It's pretty easy to write a brute force solution. Recursion isn't needed.
Code:
#include <stdio.h>
#include <string.h>
void print_segmented_strings(const char *s, int len) {
printf("%s:\n", s);
// Loop through all possible division points.
for (int i = 1; i < len - 1; ++i)
for (int j = i + 1; j < len; ++j) {
// Check that the segments contain the same number of a's.
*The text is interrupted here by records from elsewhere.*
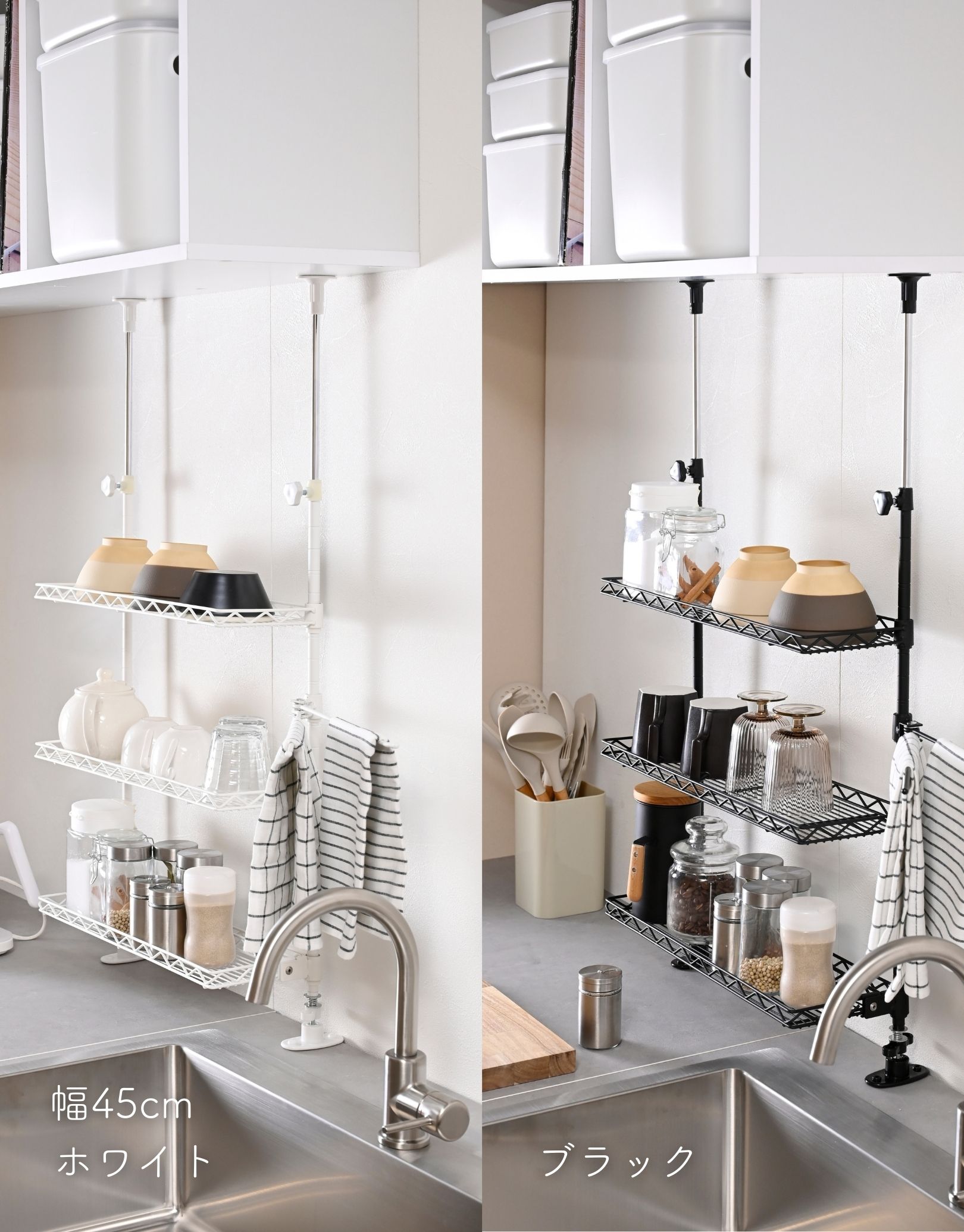 シンク上 キッチン 突っ張りラック 3段 幅45cm
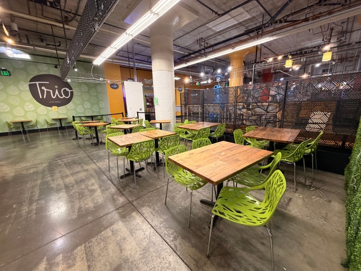 Racket’s vegetarian staffer is a fan of Trio’s wraps. This meat-eating Racket staffer sticks to their apps, particularly the cauliflower wings ($15), available tossed in buffalo, Trio BBQ, BBQ Sriracha, or lemon pepper seasoning. I’d skip the $15 Burger Mac on a return visit (just too many competing flavors and textures, between the BBQ sauce, diced pickles and tomatoes, ground Beyond burger, and crushed potato-chip topping) and go for one of the For Your Soul Bowls instead, which got rave reviews at Trio’s original location.
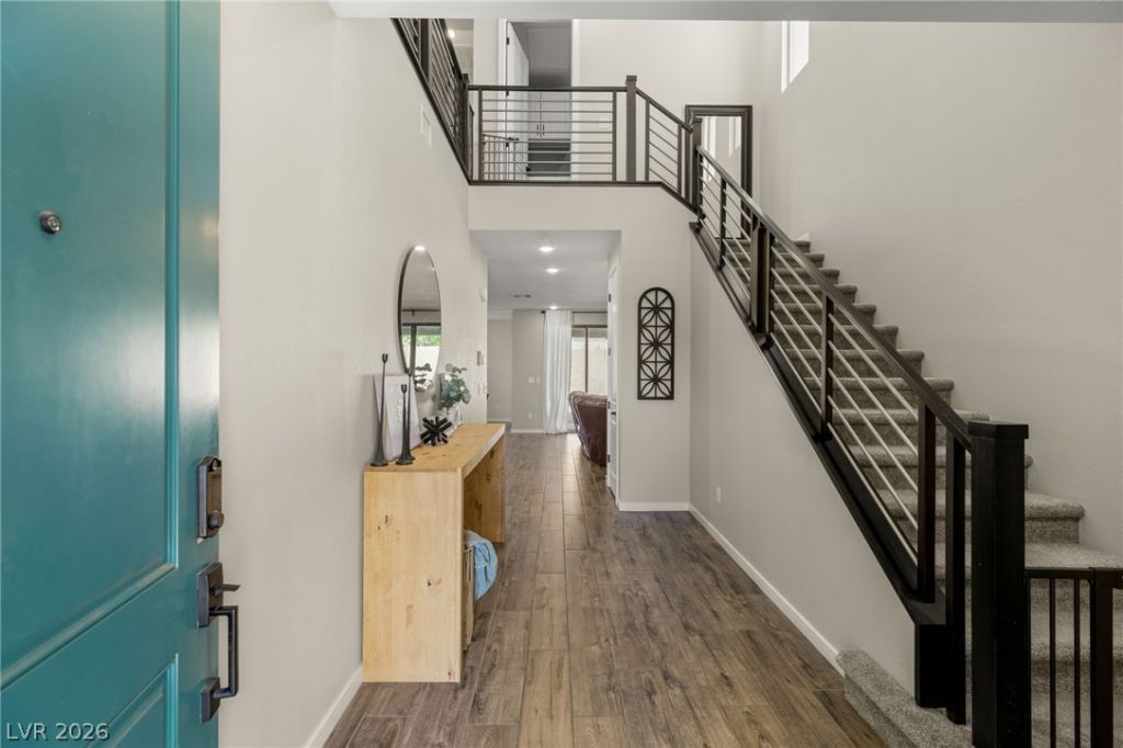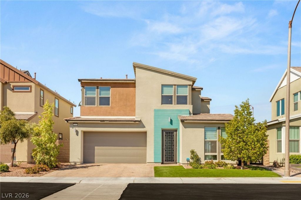 Rare opportunity to own a like-new home in the highly sought-after Skye Canyon community! You will love the open-concept floor plan with vaulted entry ceiling flooded with natural light. The thoughtfully designed layout includes a first-floor guest suite with a private bathroom and walk-in shower. You will love the spacious kitchen with slab granite countertops, stainless appliances, crisp white cabinetry and custom walk-in pantry. Upstairs, you'll find a modern staircase with sleek railing, a generous loft perfect for entertaining, games nights or media space! Generous secondary bedrooms set apart from the primary suite for added privacy. The primary retreat offers custom closet built-ins, a soaking tub and a separate shower. Enjoy ultimate privacy in the oversized backyard with no rear neighbors! Residents enjoy access to a fitness center, resort-style pool and spa, splash pad, bistro and sports park.
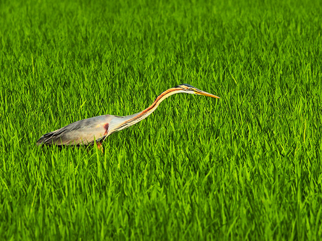 Bella Luca.Buona luce e colori. Peccato che l'airone rosso non sia rosso davvero (tranne alcune striature) , altrimenti avresti avuto il rosso e il verde complementari e una foto ancora più' bella.
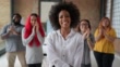 Portrait of a businesswoman being applauded by the team in the office
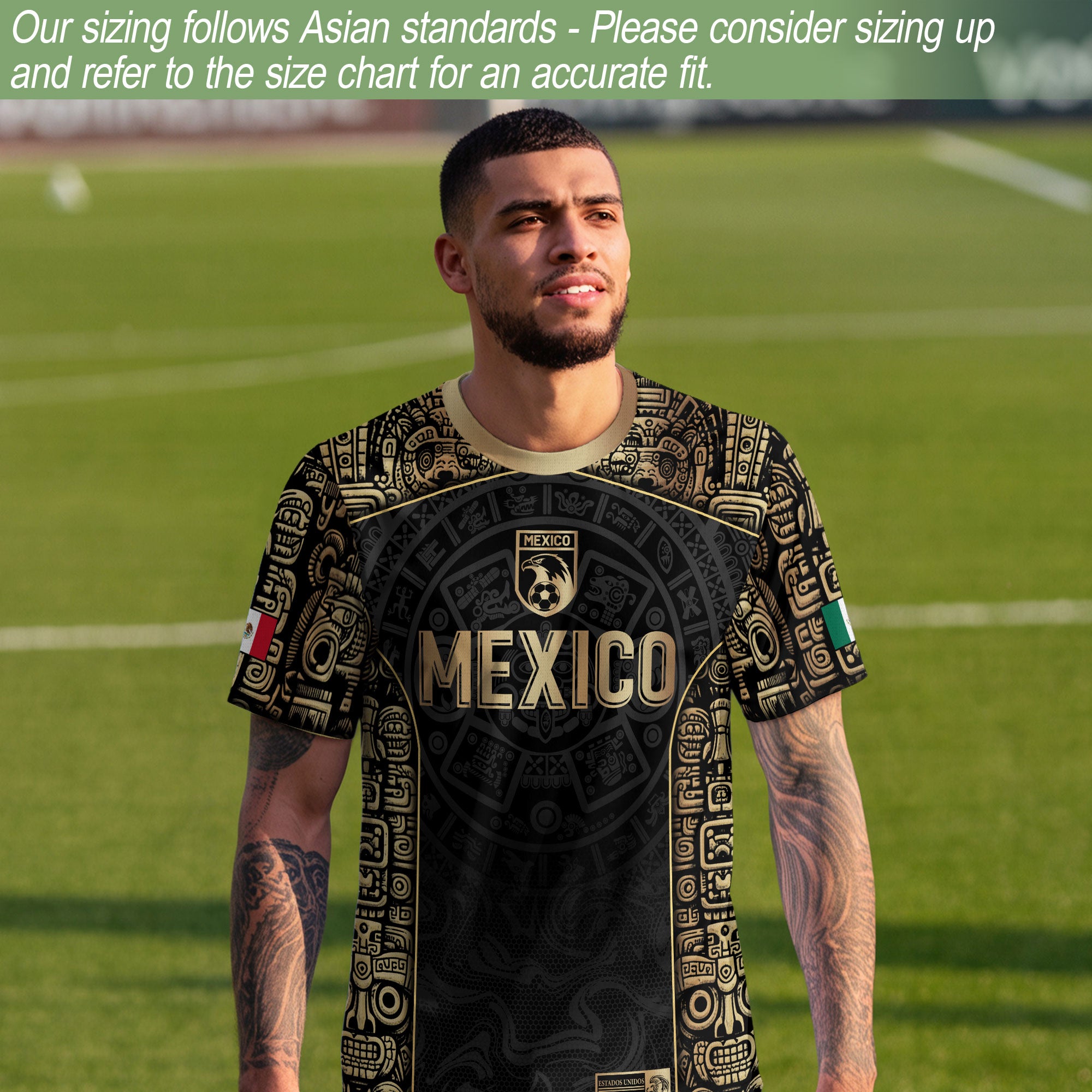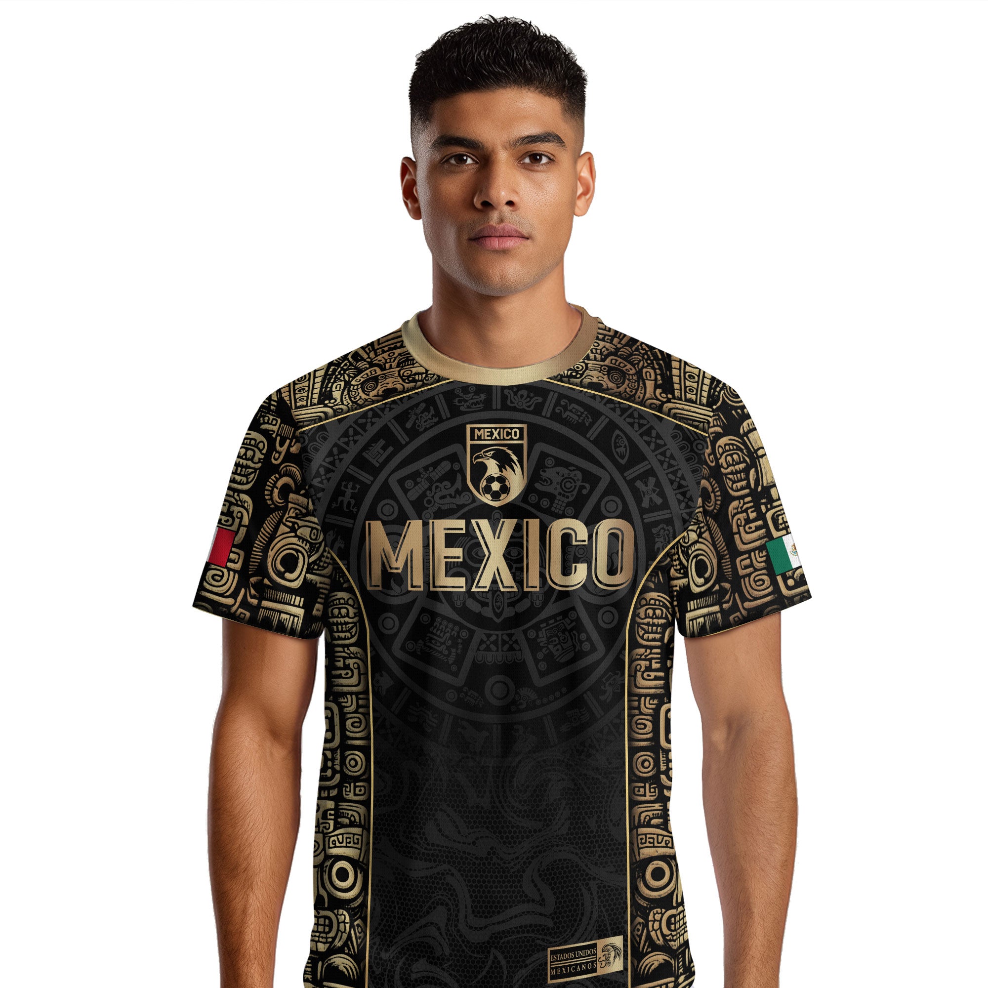 Honor Mexico’s heritage with this Black Gold Limited Edition Aztec Jersey featuring a bold Eagle pattern and premium metallic details. Made from high-quality polyester that is soft, lightweight, breathable, and quick-drying, this jersey delivers comfort and performance for games, training, and everyday wear while showcasing true Mexican pride.
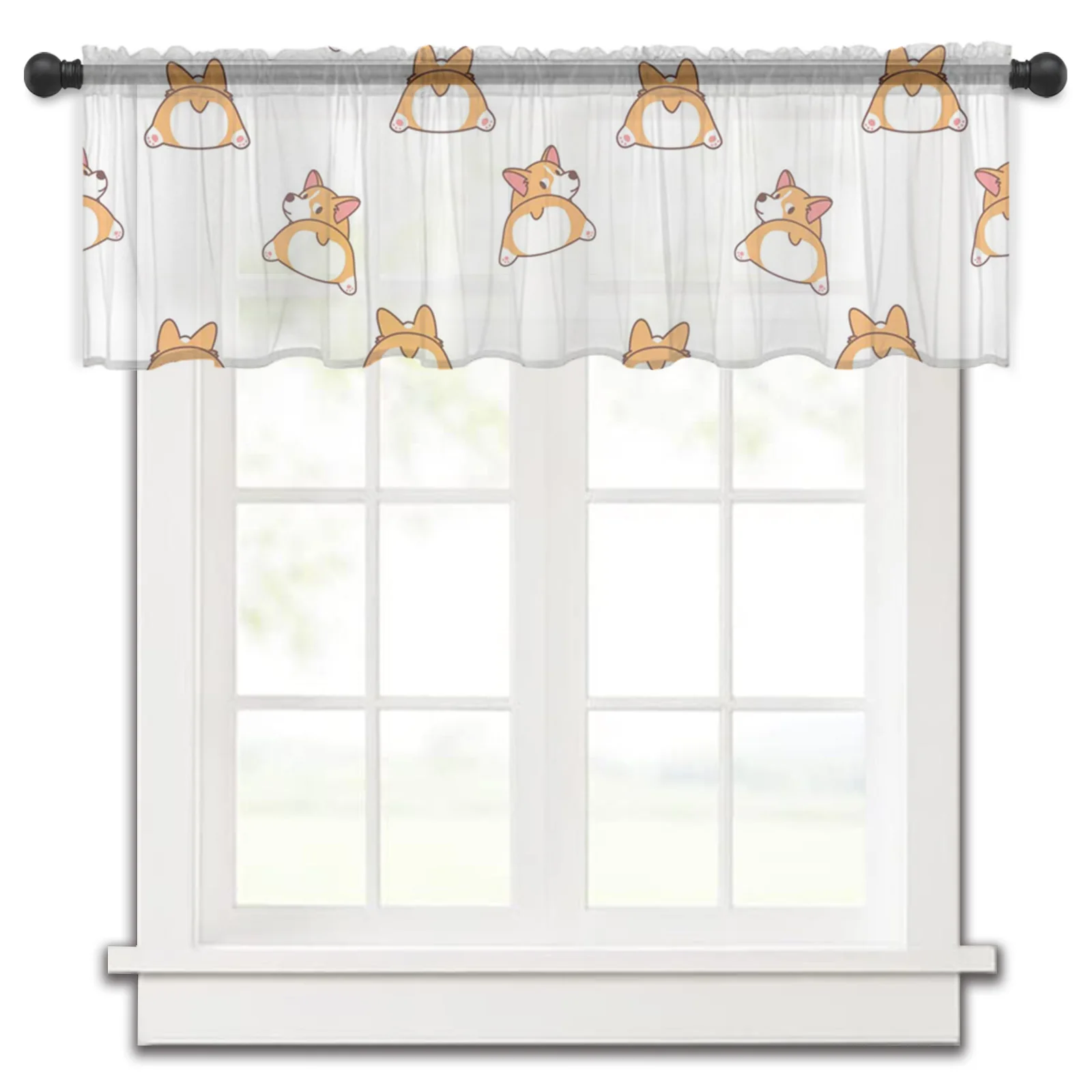 Симпатичные тюлевые шторы Corgi Ass для кухни, маленькие оконные занавески, прозрачные короткие занавески для спальни, гостиной, домашний декор, вуаль, занавески

int cnt1 = 0, cnt2 = 0, cnt3 = 0;
for (int k = 0; k < i; ++k) if (s[k] == 'a') ++cnt1;
for (int k = i; k < j; ++k) if (s[k] == 'a') ++cnt2;
if (cnt1 != cnt2) continue;
for (int k = j; k < len; ++k) if (s[k] == 'a') ++cnt3;
if (cnt2 != cnt3) continue;
// Print the segmented string.
printf(" (");
for (int k = 0; k < i; ++k) putchar(s[k]);
printf(",");
for (int k = i; k < j; ++k) putchar(s[k]);
printf(",");
for (int k = j; k < len; ++k) putchar(s[k]);
printf(")\n");
}
}
int main() {
const char *s[] = {
"ababa",
"bbbbb",
"ababb",
"baababbbabaababbaa",
"abababababa",
"aaaaaa",
NULL
};
for (int i = 0; s[i]; ++i)
print_segmented_strings(s[i], strlen(s[i]));
return 0;
}
Output:
Code:
ababa:
(a,ba,ba)
(a,bab,a)
(ab,a,ba)
(ab,ab,a)
bbbbb:
(b,b,bbb)
(b,bb,bb)
(b,bbb,b)
(bb,b,bb)
(bb,bb,b)
(bbb,b,b)
ababb:
baababbbabaababbaa:
(baaba,bbbabaa,babbaa)
(baaba,bbbabaab,abbaa)
(baabab,bbabaa,babbaa)
(baabab,bbabaab,abbaa)
(baababb,babaa,babbaa)
(baababb,babaab,abbaa)
(baababbb,abaa,babbaa)
(baababbb,abaab,abbaa)
abababababa:
(aba,baba,baba)
(aba,babab,aba)
(abab,aba,baba)
(abab,abab,aba)
aaaaaa:
(aa,aa,aa)